[YOUR GOAL]:
Nothing but an exact copy is asked for: the lines in the material below from the one with "Dieses ärmellose Kleid" through the one with "ONLY & SONS", pictures excluded.

[EXERCISE INPUT]:
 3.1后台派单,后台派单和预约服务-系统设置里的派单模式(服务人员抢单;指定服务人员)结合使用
* * *
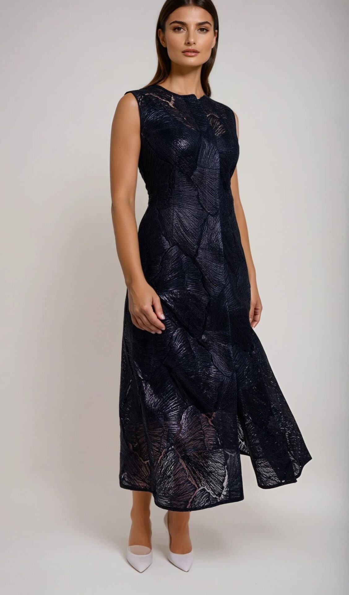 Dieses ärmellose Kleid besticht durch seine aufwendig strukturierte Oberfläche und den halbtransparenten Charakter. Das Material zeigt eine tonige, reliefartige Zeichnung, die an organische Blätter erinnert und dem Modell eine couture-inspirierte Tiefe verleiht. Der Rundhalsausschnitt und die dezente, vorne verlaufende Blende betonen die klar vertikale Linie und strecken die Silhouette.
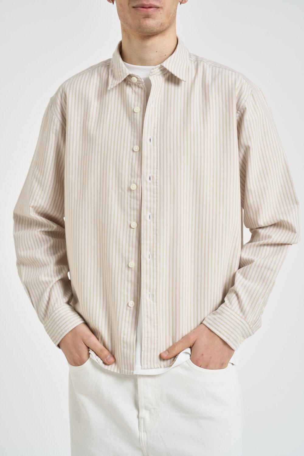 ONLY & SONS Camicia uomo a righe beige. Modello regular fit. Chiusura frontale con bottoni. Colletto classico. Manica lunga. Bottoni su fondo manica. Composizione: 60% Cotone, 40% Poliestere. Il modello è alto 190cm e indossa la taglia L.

[YOUR SOLUTION]:
 Dieses ärmellose Kleid besticht durch seine aufwendig strukturierte Oberfläche und den halbtransparenten Charakter. Das Material zeigt eine tonige, reliefartige Zeichnung, die an organische Blätter erinnert und dem Modell eine couture-inspirierte Tiefe verleiht. Der Rundhalsausschnitt und die dezente, vorne verlaufende Blende betonen die klar vertikale Linie und strecken die Silhouette.
 ONLY & SONS Camicia uomo a righe beige. Modello regular fit. Chiusura frontale con bottoni. Colletto classico. Manica lunga. Bottoni su fondo manica. Composizione: 60% Cotone, 40% Poliestere. Il modello è alto 190cm e indossa la taglia L.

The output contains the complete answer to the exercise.